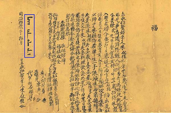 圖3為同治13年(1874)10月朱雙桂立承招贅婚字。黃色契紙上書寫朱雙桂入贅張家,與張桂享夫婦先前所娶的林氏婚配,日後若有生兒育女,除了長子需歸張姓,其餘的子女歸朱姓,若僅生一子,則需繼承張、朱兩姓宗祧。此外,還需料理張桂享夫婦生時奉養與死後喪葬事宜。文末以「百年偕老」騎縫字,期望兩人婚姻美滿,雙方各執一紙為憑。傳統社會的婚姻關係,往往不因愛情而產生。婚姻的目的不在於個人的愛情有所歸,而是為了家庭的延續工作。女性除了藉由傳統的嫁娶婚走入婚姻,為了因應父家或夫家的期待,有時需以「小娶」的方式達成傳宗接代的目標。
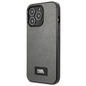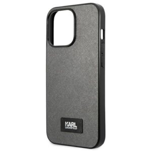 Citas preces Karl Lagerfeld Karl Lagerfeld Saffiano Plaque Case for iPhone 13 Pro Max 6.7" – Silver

----

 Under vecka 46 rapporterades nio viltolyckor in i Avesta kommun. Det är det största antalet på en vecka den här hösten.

----

> **WHAT THE TASK ASKS**: Up in the listing, locate the line with "圖3為同治13年(1874)"; print it and every line after it down to the line with "Citas preces Karl", which is included too. Skip the pictures.

> **EXPECTED ANSWER**:
 圖3為同治13年(1874)10月朱雙桂立承招贅婚字。黃色契紙上書寫朱雙桂入贅張家,與張桂享夫婦先前所娶的林氏婚配,日後若有生兒育女,除了長子需歸張姓,其餘的子女歸朱姓,若僅生一子,則需繼承張、朱兩姓宗祧。此外,還需料理張桂享夫婦生時奉養與死後喪葬事宜。文末以「百年偕老」騎縫字,期望兩人婚姻美滿,雙方各執一紙為憑。傳統社會的婚姻關係,往往不因愛情而產生。婚姻的目的不在於個人的愛情有所歸,而是為了家庭的延續工作。女性除了藉由傳統的嫁娶婚走入婚姻,為了因應父家或夫家的期待,有時需以「小娶」的方式達成傳宗接代的目標。
 Citas preces Karl Lagerfeld Karl Lagerfeld Saffiano Plaque Case for iPhone 13 Pro Max 6.7" – Silver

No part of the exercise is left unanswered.